MiVT: Starr Decoys
WEYBRIDGE, Vt. (WCAX) - Gary Starr has a job that’s certainly no “bird-en.”
“I carve and paint birds for a living,” he said.
It’s a continuation of the family business Starr Decoys that goes back to the mid-20th century.
Starr learned the art of making decoys from his father, who picked up the hobby in 1947.
The decoys were used by hunters to attract ducks.
“By the time he died in 1978, he had over 2,300 duck decoys and had written a couple of books on them, and was featured in National Geographic,” Starr said.
That iteration of Starr Decoys was based in Massachusetts but sold products to Abercrombie & Fitch when it was still a sporting goods store.
This one, with the same name, is in Weybridge, though Starr doesn’t make decoys anymore due to a loss of depth perception. Instead, he makes little wooden bird ornaments for people to enjoy.

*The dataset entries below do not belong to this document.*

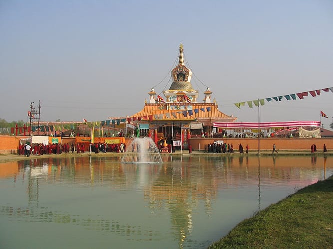 Derzeit hält sich eine Gruppe von Mönchen des Drigung Rinchen Palri Klosters (Kathmandu) ständig auf dem Gelände des Großen Lotus Stupa auf, die eine fundierte Ausbildung in allen Bereichen der buddhistischen Theorie und Praxis erhalten haben und täglich ihren religiösen Verpflichtungen nachgehen. Darüber hinaus wird seit 2006 am Großen Lotus Stupa alljährlich ein mehrtätiges Gebet für den Frieden in der Welt abgehalten. Der Stupa-Komplex – eine friedvolle und wunderschöne Anlage am Geburtsort des historischen Buddhas an einem der wichtigsten Plätze des Buddhismus – ist inzwischen zu einem Pilgerort gewachsen, den regelmäßig viele tausend Pilger aus allen Teilen der Welt besuchen.
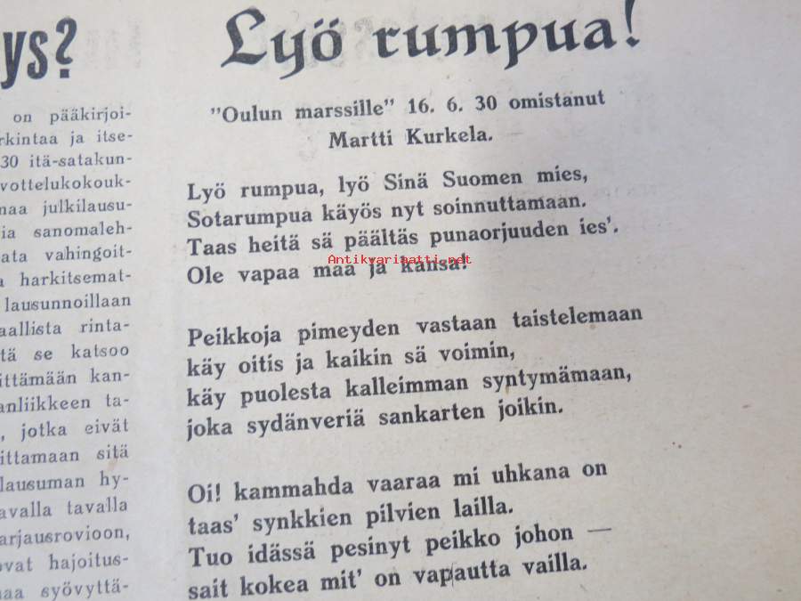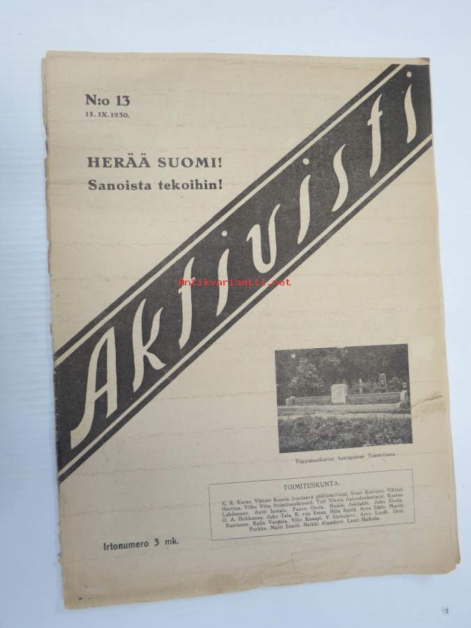 Aktivisti 1930 nr 13 - Lapuanliikkeen äänenkannattaja, Paavo Markkula vapaaksi Forssassa, On korpi noussut, Karjalan aktivisti opettaja J.A. Salo, Herää Suomi Näytä
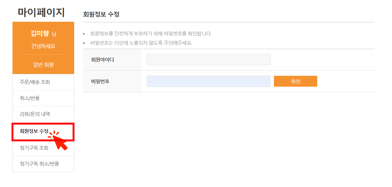 -마이페이지 접속 후 좌측 메뉴바에서 '회원정보 수정' 들어가주세요.
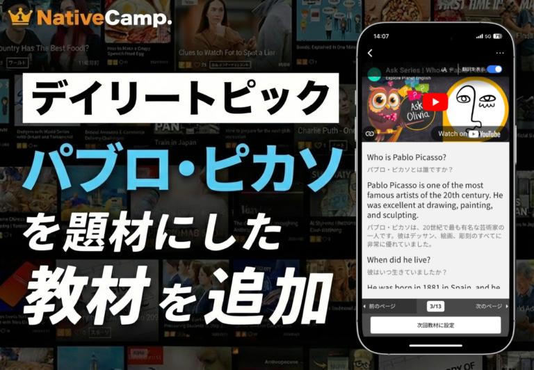 ネイティブスピーカーと回数無制限のオンライン英会話サービス「ネイティブキャンプ英会話」を展開する株式会社ネイティブキャンプ(東京都渋谷区 代表取締役:谷川国洋)は、2026年2月14日(土)、パブロ・ピカソをテーマにした新教材を追加しました。 パブロ・ピカソは20世紀で最も有名な芸術家の一人であり、デッサン、絵画、彫刻のすべてに優れていました。今回追加された教材では、1881年にスペインで生まれ、1973年にフランスで亡くなるまでの歩みをたどりながら、14歳で描いた写…
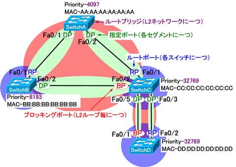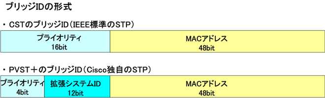 ブリッジID(BID):ブリッジプライオリティ(デフォルト32768)+MACアドレス
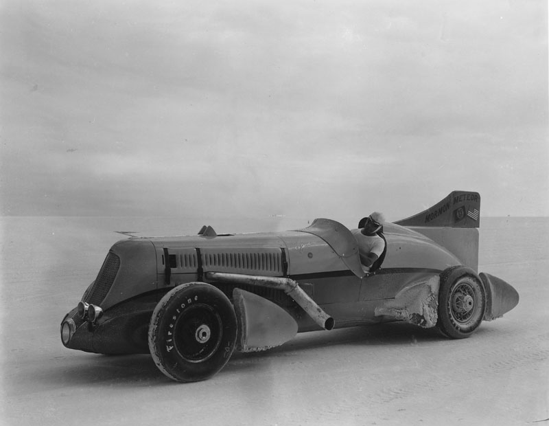 Ab Jenkins racing his "Mormon Meteor" across the Bonneville Salt Flats, circa 1936-1939. Photo courtesy of the Special Collections Archive at the J. Willard Marriott Library, University of Utah.

“My wife, Kathy, and I are international bird watchers, basically,” he said. “I just love birds and love the look of them and when you’re carving them, the feel of them.”
They’re all based on birds Starr has seen in real life. He keeps a detailed notebook of each one for accuracy.
“I think my ornaments give a real impression of what the birds look like. And people know they’re buying something, each one is a little bit unique,” he said.
Starr makes every bird by hand. He says because of the detail, he probably handles each one more than 30 times, sanding, burning, branding and painting.
“What I’m trying to do is define the different feather groupings,” he explained.
He mostly does it by himself with Kathy helping out with logistics and whatever else Gary needs.
“When I started this business, because it was a family tradition, I decided that I wasn’t going to have any employees. I said I was going to do it all myself, I was going to put my name on the back,” Starr said.
And that’s exactly what he does, carrying on a family tradition that’s hardly for the birds.